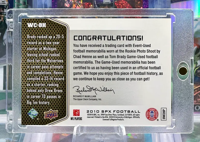 Tom Brady Chad Henne 2010 Upper Deck SPx 10/99 JERSEY # MATCH Dual GAME USED Jersey Patch Mem Memorabilia Relic Material Materials SP Short Print In Wearing Michigan Uniform Uni Insert Parallel University of Michigan Wolverines GO BLUE! New England Patriots Dolphins Rare NCAA NFL Football Card
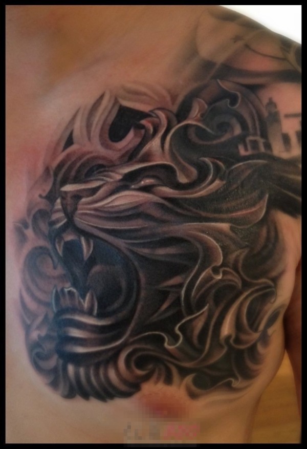 男生胸口上黑灰素描点刺技巧霸气狮子头纹身图片
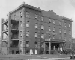 Advocate Illinois Masonic Medical Center was founded in 1901 by the Belden Avenue Baptist Church (founded 1897)[8] Steadfast Sunday School class (2309 N. Halsted Street) as the Chicago Union Hospital.[9][10][11] Originally a two-and-one-half story frame building which was rented for $50 a month, it contained 30 beds, 10 used by nurses, house physicians and staff, and 20 by patients, 5 of whom could afford to pay for their hospitalization.[12][13] On March 3, 1905, the main building was destroyed by fire when a blaze broke out in the laboratory. In 1909 a new hospital building opened, which was equipped with an x-ray machine.[10] In 1910, Martha A. Pippereit was superintendent.[11]

_ _ _ _

**Exercise directions:** Reproduce the lines above exactly, please, but not the pictures in them.

**Exercise solution:**
 Tom Brady Chad Henne 2010 Upper Deck SPx 10/99 JERSEY # MATCH Dual GAME USED Jersey Patch Mem Memorabilia Relic Material Materials SP Short Print In Wearing Michigan Uniform Uni Insert Parallel University of Michigan Wolverines GO BLUE! New England Patriots Dolphins Rare NCAA NFL Football Card
 男生胸口上黑灰素描点刺技巧霸气狮子头纹身图片
 Advocate Illinois Masonic Medical Center was founded in 1901 by the Belden Avenue Baptist Church (founded 1897)[8] Steadfast Sunday School class (2309 N. Halsted Street) as the Chicago Union Hospital.[9][10][11] Originally a two-and-one-half story frame building which was rented for $50 a month, it contained 30 beds, 10 used by nurses, house physicians and staff, and 20 by patients, 5 of whom could afford to pay for their hospitalization.[12][13] On March 3, 1905, the main building was destroyed by fire when a blaze broke out in the laboratory. In 1909 a new hospital building opened, which was equipped with an x-ray machine.[10] In 1910, Martha A. Pippereit was superintendent.[11]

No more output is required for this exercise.